Chantal Viroulaud ha sempre creduto nel suo mestiere di insegnante. Ma è bastata una giornata per “spezzare” la giovane donna. All’inizio, erano piccoli insulti. E poi, l’11 dicembre scorso, è esploso il tutto. Uno studente lancia in aula una bomba artigianale. Una bottiglie piena d’acido. Chantal Viroulaud non rimane ferita. Ma per l’insegnante, la violenza è troppo. Una violenza estrema, rara, che mostra la gravità del fenomeno se non viene compreso in tempo.

Eric Debarbieux conosce bene questi racconti.
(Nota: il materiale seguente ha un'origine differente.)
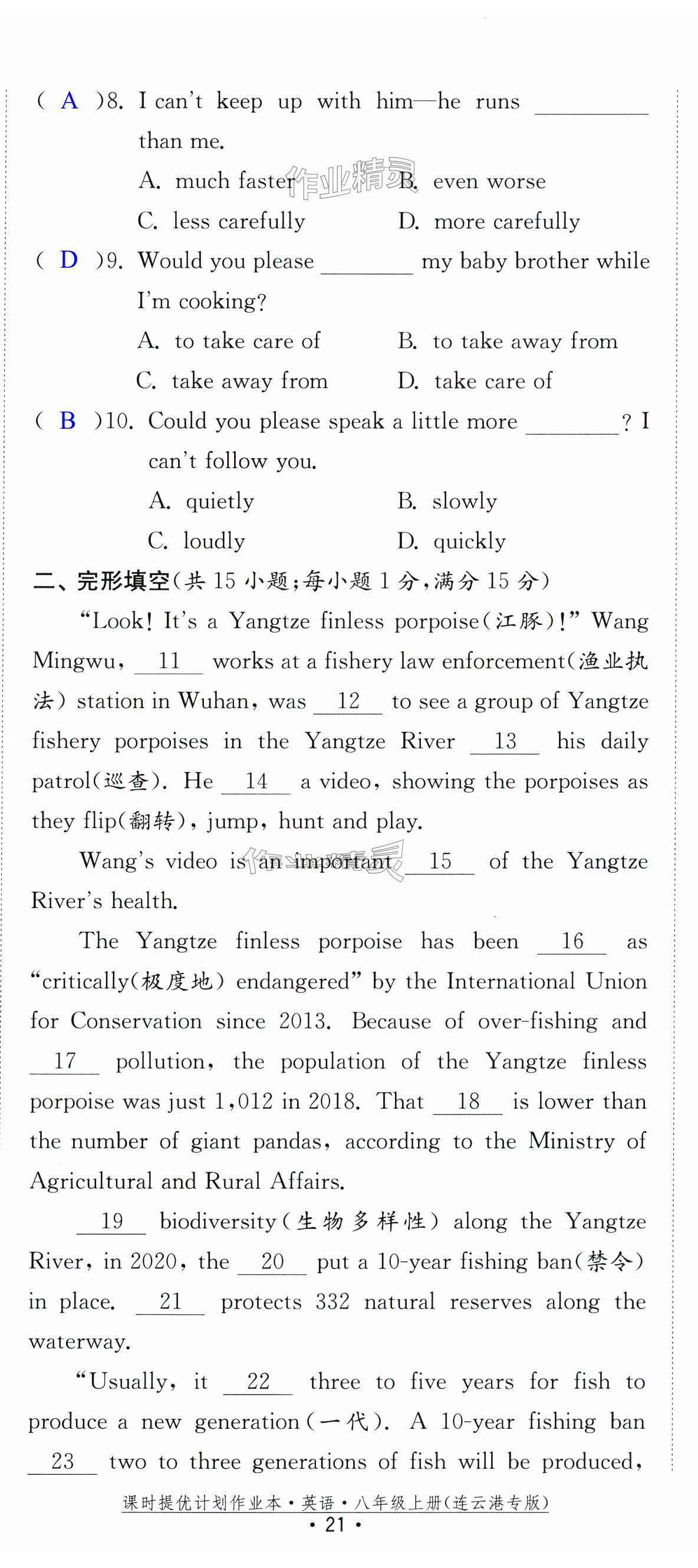 注:目前有些书本章节名称可能整理的还不是很完善,但都是按照顺序排列的,请同学们按照顺序仔细查找。练习册 2024年课时提优计划作业本八年级英语上册译林版连云港专版 答案主要是用来给同学们做完题方便对答案用的,请勿直接抄袭。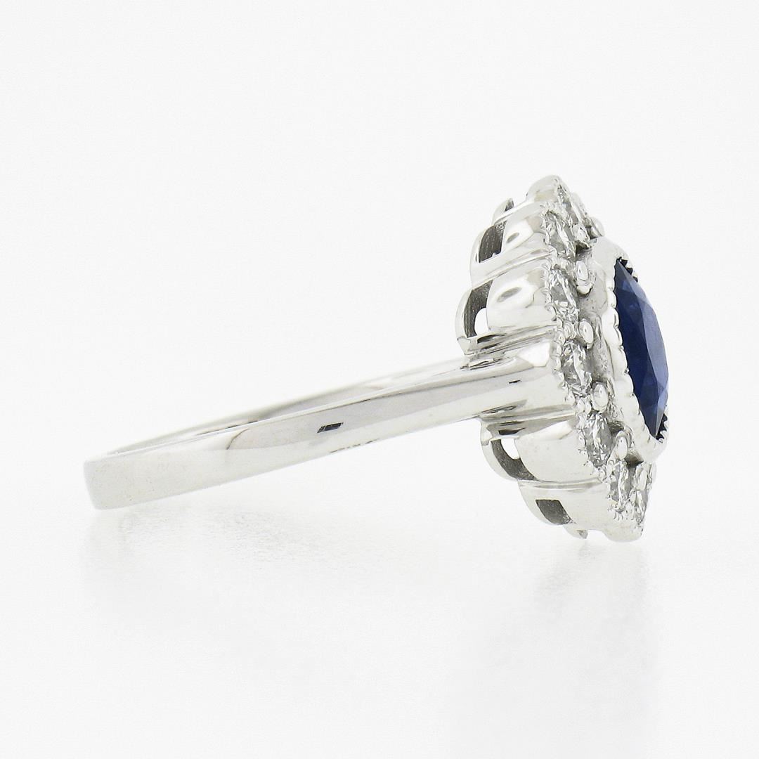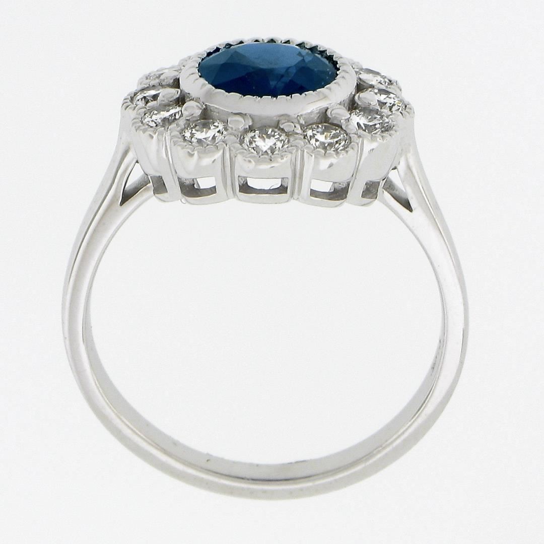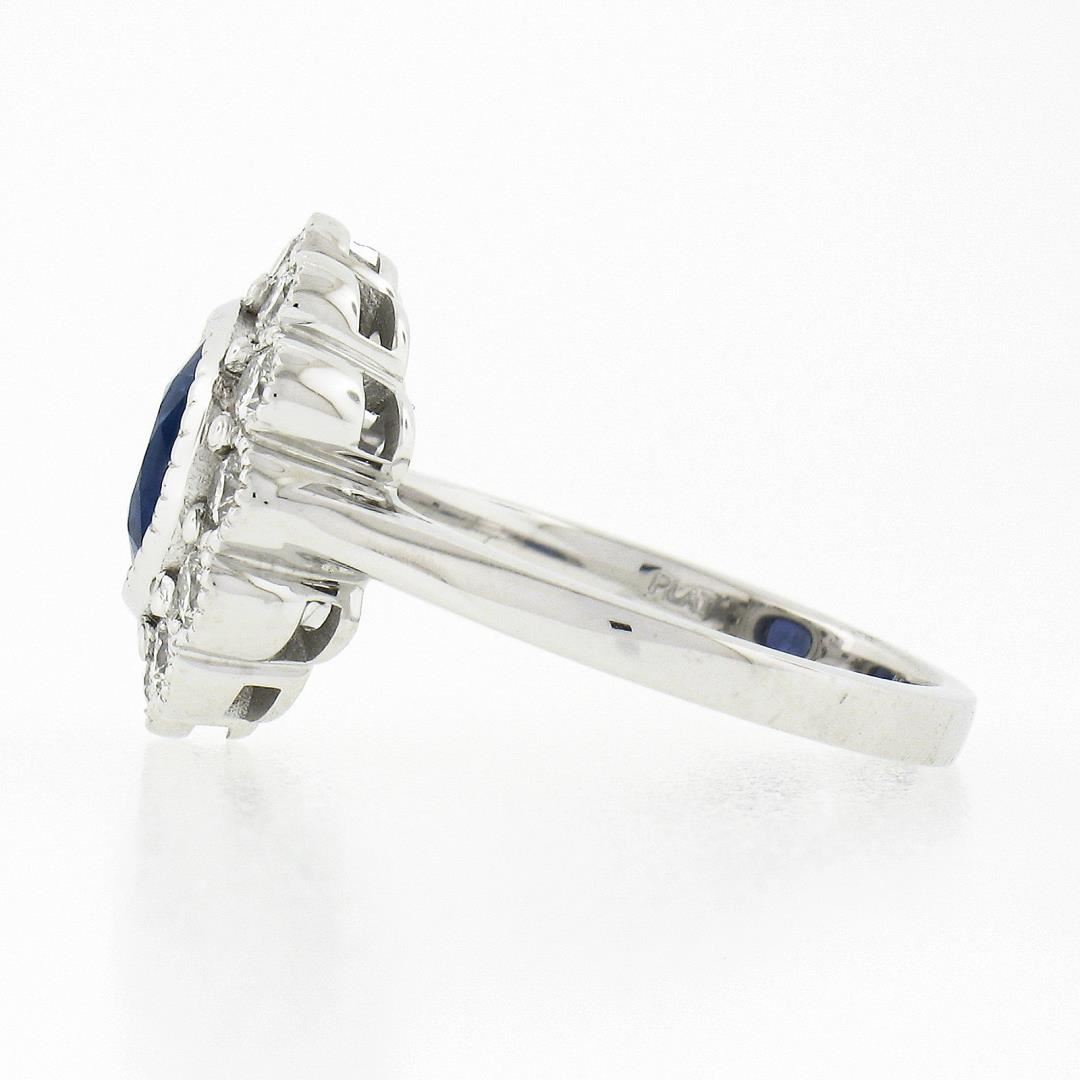 A new solid platinum ring, with 1 GIA graded oval cut natural sapphire (1.58ct), and a halo of 12 round brilliant cut natural diamonds (F/G - VS1/VS2 ;' 0.79). The ring is size 6.5, weighs a total of 7.89 grams, and measures 14.70mm wide. Comes with all original relevant certifications.

Ha fatto della violenza a scuola il suo lavoro. Ha incontrato centinaia di insegnanti e studenti. Per lui non esistono fatalità, ma neanche soluzioni miracolose: “E’ davvero un problema che deve essere affrontato a fondo ogni volta, attraverso un lavoro con i genitori degli studenti e, quando serve – perché no -, anche con la polizia. Ma anche, e soprattutto all’interno, credo davvero che la chiave si trovi nell’ambiente scolastico, nel modo in cui ci si prende carico della vita stessa dell’istituto”.

La scuola Albert Samain de Roubaix, nel nord della Francia, la chiave forse l’ha trovata. In passato la scuola non ha avuto sempre una buona reputazione. Colpa dei tanti episodi di inciviltà quotidiana. All’origine, spesso, gli stessi studenti, in contrasto con il sistema scolastico.

Per cambiare, gli insegnanti hanno scelto di innovare. L’iniziativa è arrivata da Lucas Gruez. Finiti i corsi tradizionali, oggi si lavora con computer e corsi interattivi. Il risultato è che tutti gli studenti si sentono interessati, compresi quelli che prima avevano mollato la presa. E’ ancora presto per stappare lo champagne ma, segnale che lascia ben sperare, il numero dei provvedimenti disciplinari è precipitato.